■ YOUR INSTRUCTIONS
The lines below, from the one holding "The Miami Dolphins" through the final line, are to be copied exactly, with no other lines and no pictures.

■ LISTED ENTRIES
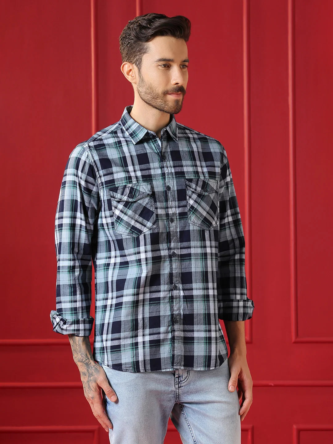 This shirt brings style and function together with a regular collar, double flap pockets, and a trendy front cut-and-sew design. Perfect for adding a little extra flair to your everyday look!
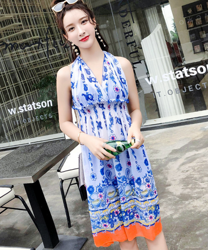 - Màu chủ đạo: Xanh. Thiết kế ba chi tiết: áo bơi, quần bơi và váy choàng xinh
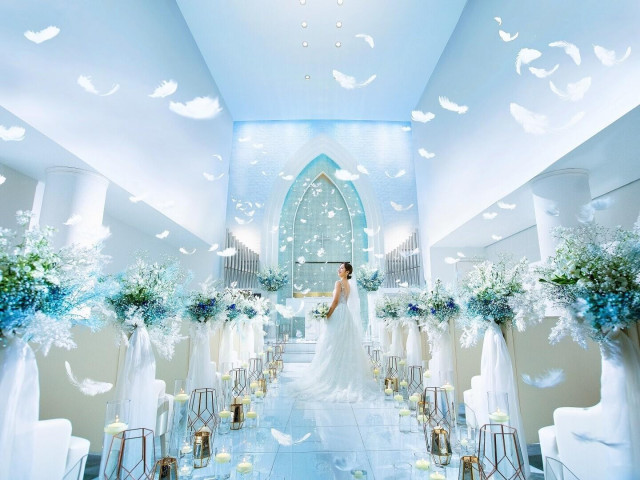| おすすめ ポイント | 高さ8メートルの天井から光の祝福が降り注ぎ、心地よい水のせせらぎと響き合う美しい歌声、ふわりと舞う羽が感動へと導くフェザーシャワー。また、お二人のお好みにあわせてLEDライトで光の演出が可能! |
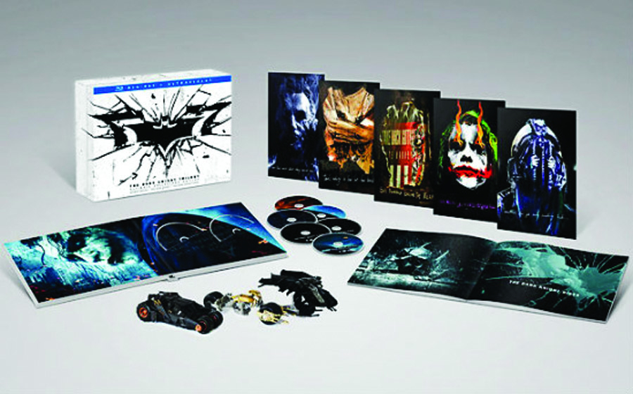 The Dark Knight Rises. The set also includes such exclusive new memorabilia as Premium Mattel Hot Wheels Vehicles (Batmobile, Batpod and Tumbler), newly commissioned collectible art cards by Mondo featuring The Scarecrow, The Joker, Bane, Harvey Dent, and Ra's al Ghul; and a 48-page hardcover book featuring production stills and behind the scenes images from all three movies. Scheduled in stores 09/25/13. (8281)
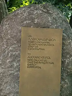 - (de) Cet article est partiellement ou en totalité issu de l’article de Wikipédia en allemand intitulé « Alexandar Fol » (voir la liste des auteurs).
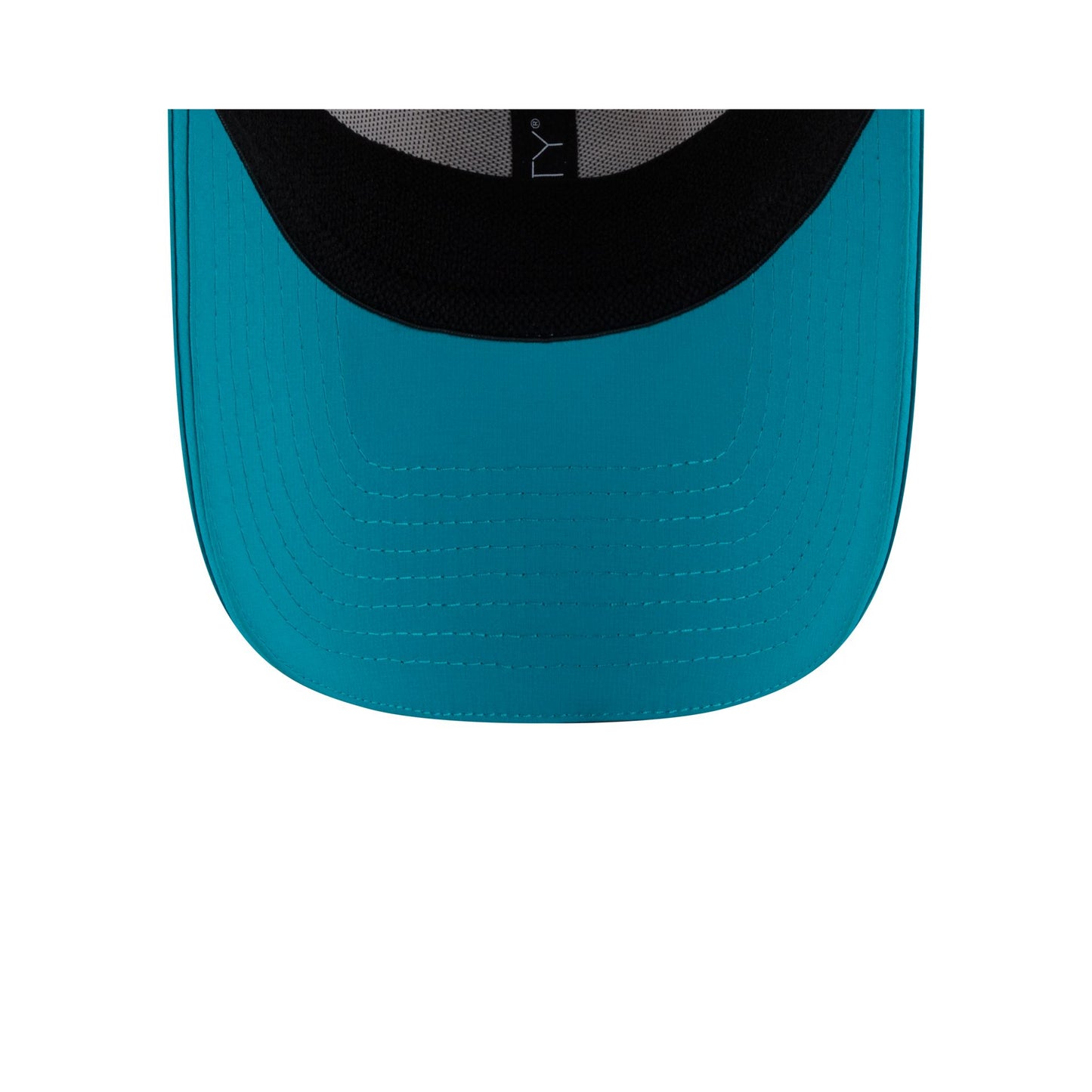 The Miami Dolphins 2025 Training 39THIRTY Stretch Fit Cap features a silicone Dolphins patch at the front panels with team color stripes at the front of a teal visor and a silicone NFL Shield patch at the rear.
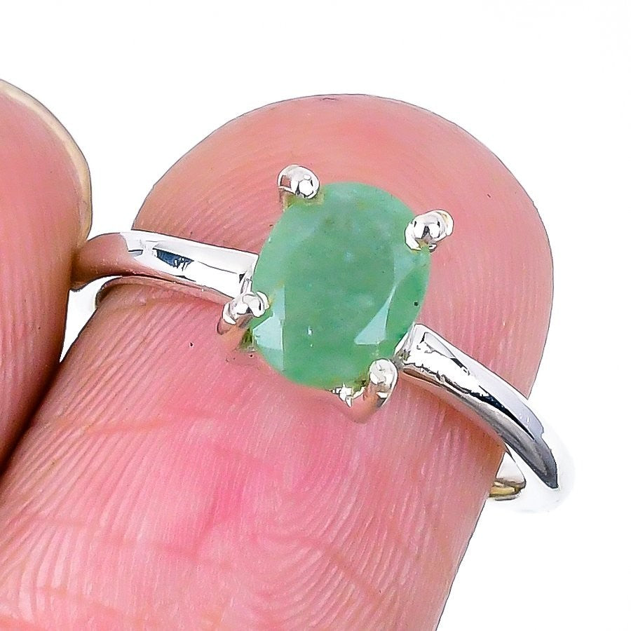 Heart Chakra Emerald Faceted Stone Art Deco Wife Statement New Ring Solid Silver
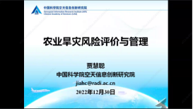 中国科学院空天信息创新研究院数字地球重点实验室贾慧聪副研究员作题为《农业旱灾风险评估和管理》的主旨报告。贾慧聪副研究员认为在全国尺度下,基于农业旱灾风险的成因机理,从系统评价的角度进行农作物旱灾风险评价研究还比较欠缺。为填补研究空白,贾慧聪副研究员依次介绍了农业旱灾风险的概念模型、农业旱灾风险评价的理论模型与EPIC评估模型,通过搜集整理相关基础数据,评价了中国玉米旱灾致灾风险和成灾风险。同时,通过对旱灾风险快速评估算法的改进,开发了“自然灾害快速评估系统——旱灾快速评估模块”,为相关政府部门及时启动国家应急救助响应、有效开展灾害应急救助提供决策支持。
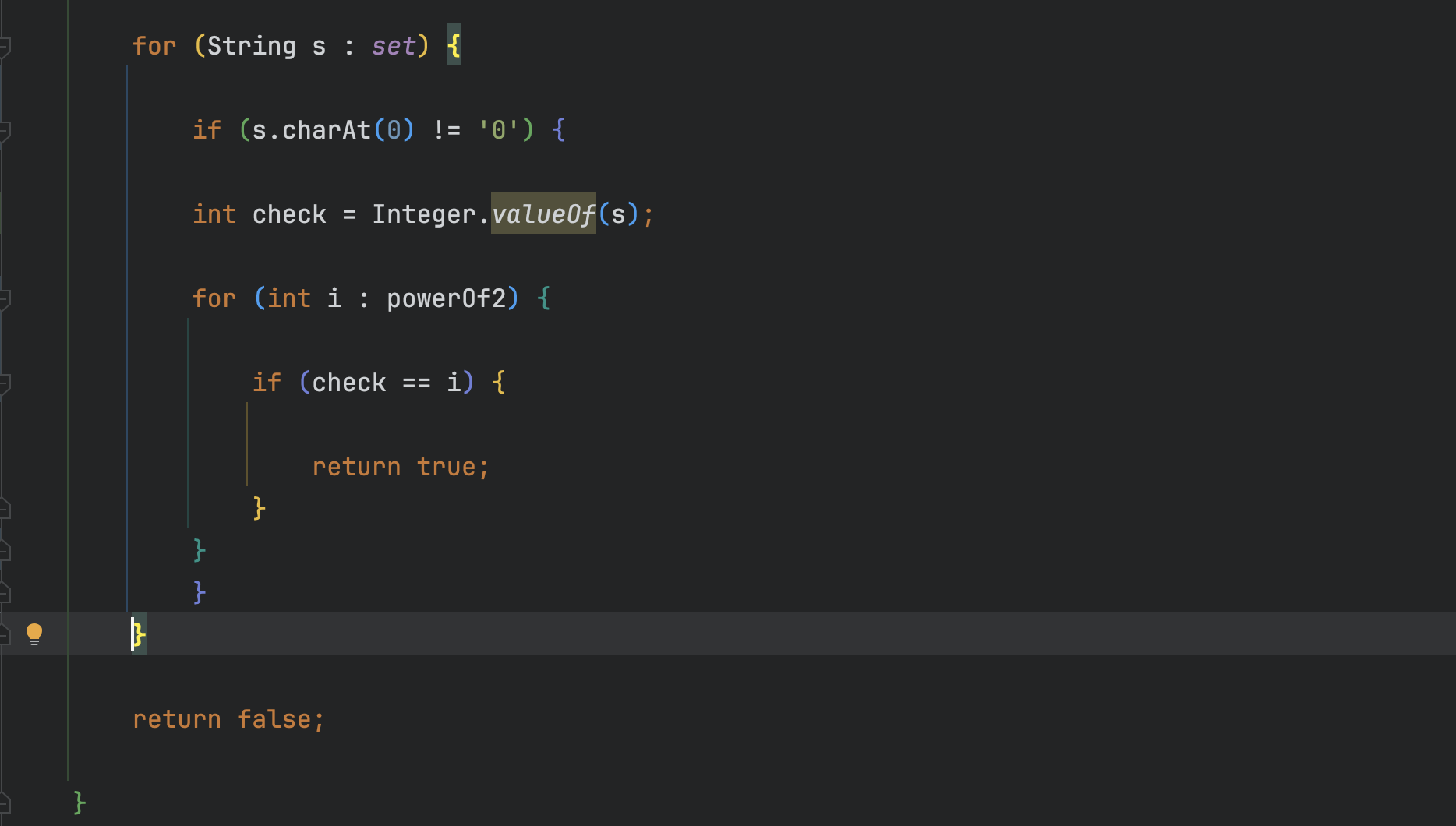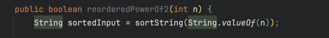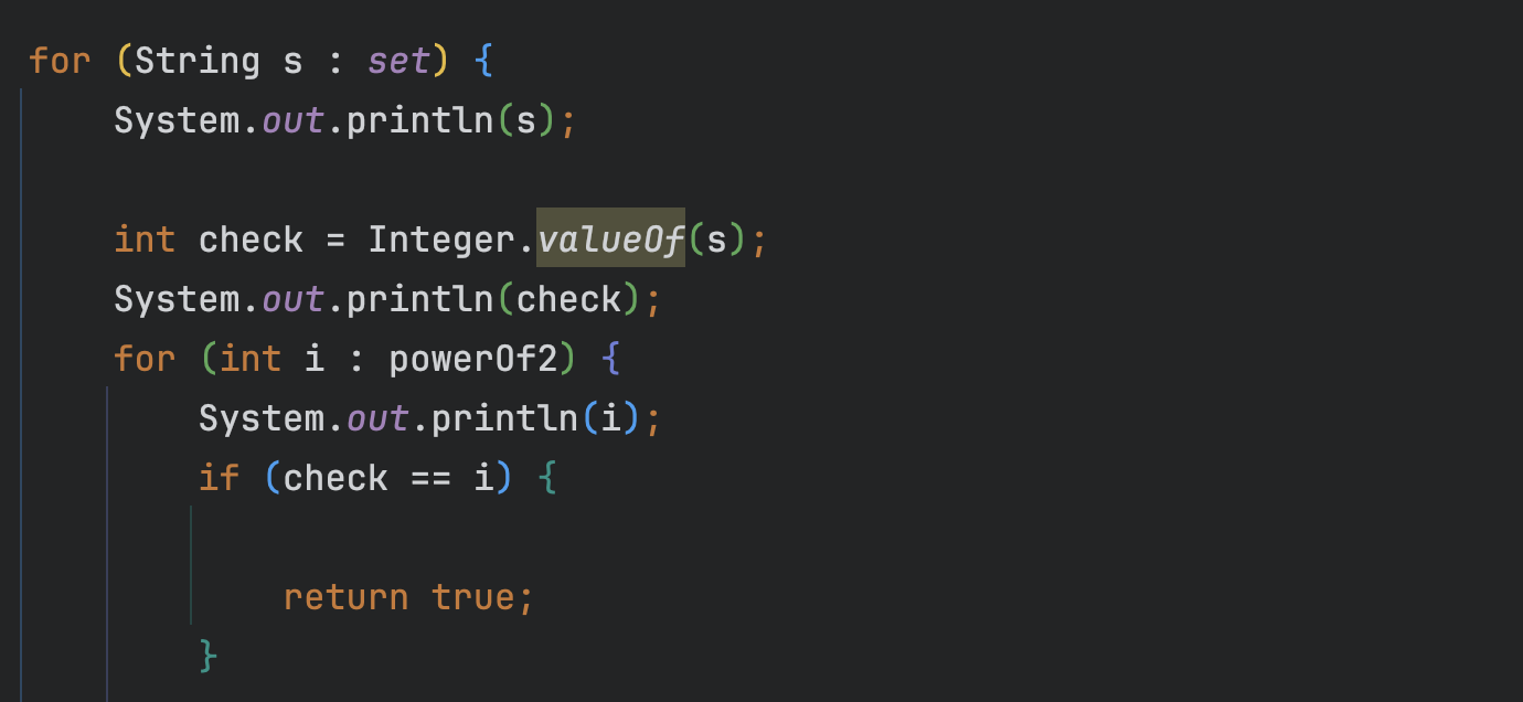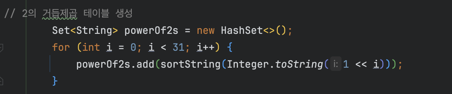 powerOf2s.add(sortString(Integer.toString(1 << i)));

■ THE ANSWER
 The Miami Dolphins 2025 Training 39THIRTY Stretch Fit Cap features a silicone Dolphins patch at the front panels with team color stripes at the front of a teal visor and a silicone NFL Shield patch at the rear.
 Heart Chakra Emerald Faceted Stone Art Deco Wife Statement New Ring Solid Silver
 中国科学院空天信息创新研究院数字地球重点实验室贾慧聪副研究员作题为《农业旱灾风险评估和管理》的主旨报告。贾慧聪副研究员认为在全国尺度下,基于农业旱灾风险的成因机理,从系统评价的角度进行农作物旱灾风险评价研究还比较欠缺。为填补研究空白,贾慧聪副研究员依次介绍了农业旱灾风险的概念模型、农业旱灾风险评价的理论模型与EPIC评估模型,通过搜集整理相关基础数据,评价了中国玉米旱灾致灾风险和成灾风险。同时,通过对旱灾风险快速评估算法的改进,开发了“自然灾害快速评估系统——旱灾快速评估模块”,为相关政府部门及时启动国家应急救助响应、有效开展灾害应急救助提供决策支持。
 powerOf2s.add(sortString(Integer.toString(1 << i)));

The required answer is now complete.